Belgique

« Mark Fortier : L’extrême droite gagne souvent avec d’autres forces »

Dans un contexte électoral chargé en France et aux États-Unis au printemps 2024, Mark Fortier explore les signes d’un glissement vers l’autoritarisme au sein des démocraties libérales. Son analyse s’interroge sur le rôle des élites intellectuelles et sur l’impact d’un vocabulaire dilué qui contribue à banaliser l’extrême droite, tout en mettant en lumière l’importance de la solidarité et du dialogue pour contrer cette tendance.


**Un mouvement politique vers l’autoritarisme**

L’écriture du livre de Mark Fortier débute au moment où les élections législatives en France se mettent en route au printemps 2024. Parallèlement, les élections présidentielles américaines commencent, avec déjà un pressentiment lié à une possible réélection de Donald Trump. Fortier partage son impression que l’Histoire politique prend un tournant rapide, amplifié par une certaine apathie au sein de la population, particulièrement en Amérique du Nord.

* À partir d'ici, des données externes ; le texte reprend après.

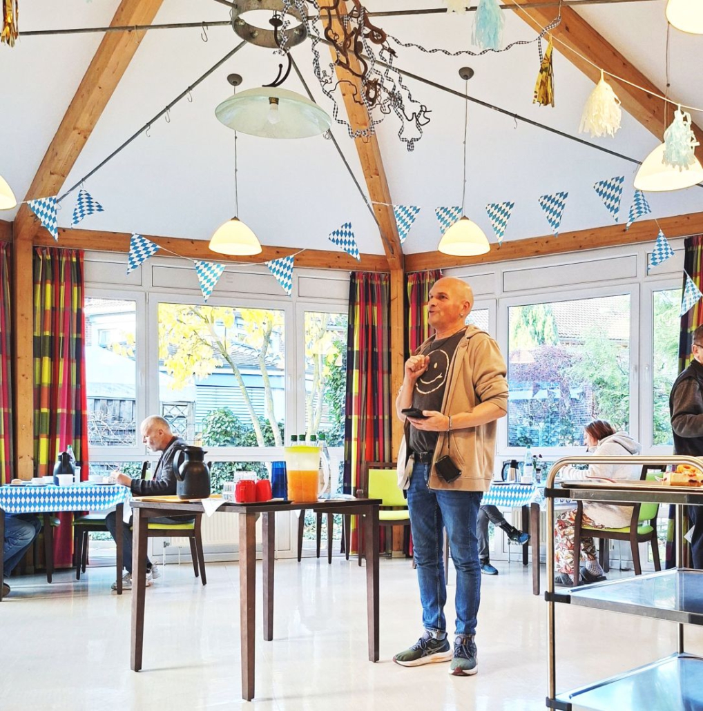 Schlager aus vergangenen Jahrzehnten weckten Erinnerungen, gute Stimmung lag in der Luft des gemütlichen Speisesaals mit Rundumblick ins Grüne. Grüppchen fanden sich, man half sich gegenseitig beim Setzen, Stühlerücken und Kaffeeeinschenken, und vom Team war auch immer jemand zur Stelle, wenn mal was danebenging oder Kuchennachschub gefragt war. Jeder und jede wird hier gesehen und je nach ihren Bedürfnissen und Fähigkeiten unterstützt und begleitet.
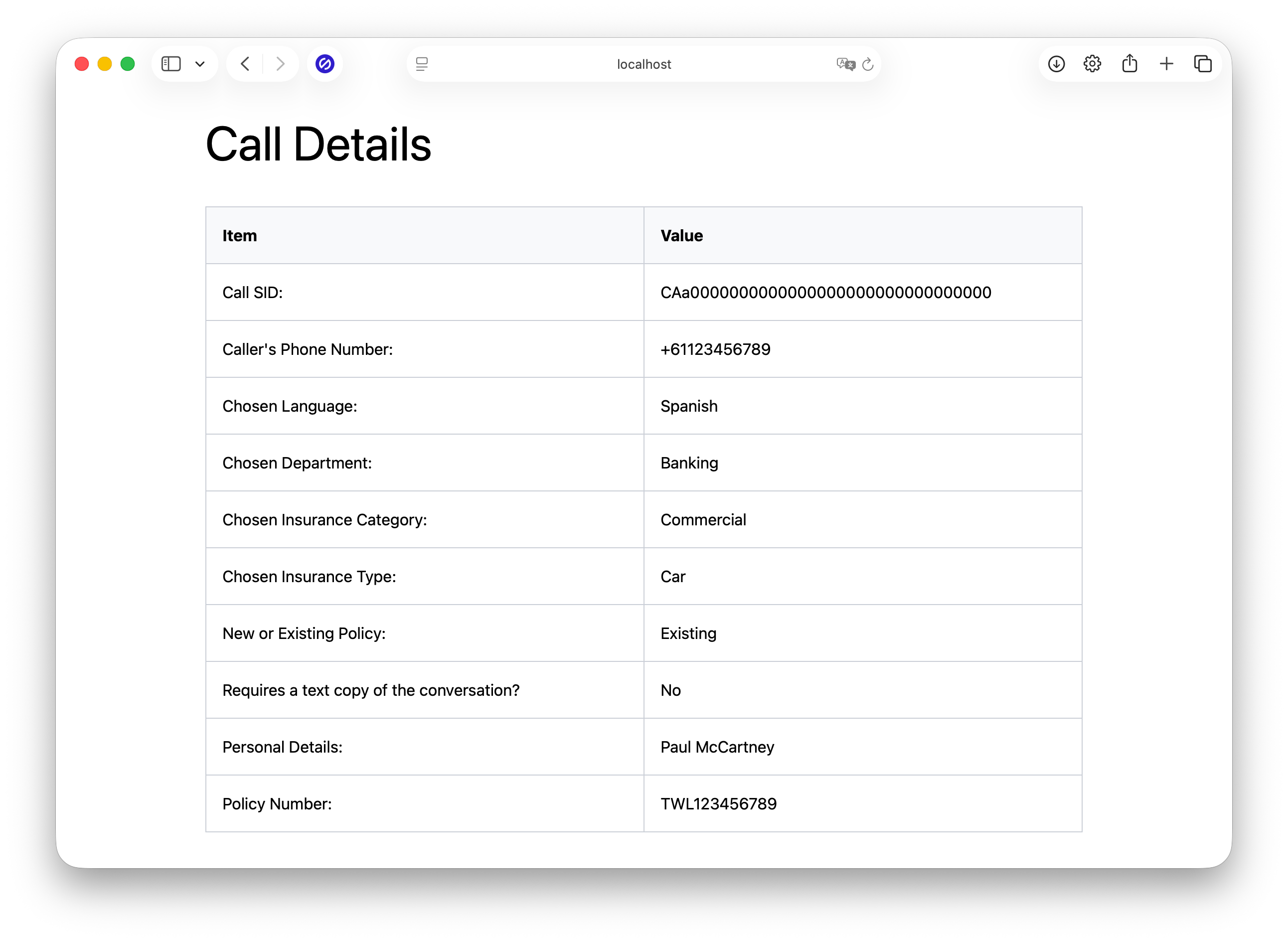 Regardless of the input that you give, when the call ends, in your browser of choice open "http://localhost:8080/caller-input/{callSid}". You'll see the agent dashboard with the caller’s input displayed. It should look similar to the screenshot below.

« C’est ainsi que la démocratie glisse vers l’autoritarisme », analyse-t-il.

**Le rôle des élites intellectuelles**

Fortier pointe du doigt les « petites lâchetés » des partisans du pouvoir, souvent complices du conformisme. Les intellectuels, bénéficiant d’une situation sociale confortable, peuvent choisir de se taire, estimant que rester en retrait afin de voir passer la tempête est moins risqué. Cette attitude constitue, selon lui, une large part de la responsabilité actuelle de l’établissement du Parti démocrate américain, qui attend patiemment l’autodestruction des républicains.

« On peut légitimement s’interroger sur la possibilité que les démocraties libérales occidentales soient devenues, sans s’en rendre compte, des démocraties dépourvues de véritables démocrates. »

Pour Fortier, préserver un enracinement social et des espaces de participation civique est essentiel pour la démocratie. Sans cela, elle risque de n’être qu’une façade, se fondant uniquement sur des rituels électoraux. Ce décor met le lit à la montée de l’extrême droite, d’où l’affirmation de Fortier que « l’extrême droite ne parvient que rarement à s’imposer par elle-même ».

**Une question de vocabulaire**

Mark Fortier s’aperçoit que le langage entourant les partis d’extrême droite s’adoucit avec le temps, entraînant un appauvrissement des mots. Il évoque le journaliste David Pujadas, qui qualifie le Rassemblement National de « parti qualifié d’extrême droite ». Cette évolution sémantique tend à faire oublier que le RN demeure un parti fondamentalement autoritaire, malgré des changements d’apparence entre les pratiques de Jean-Marie et Marine Le Pen.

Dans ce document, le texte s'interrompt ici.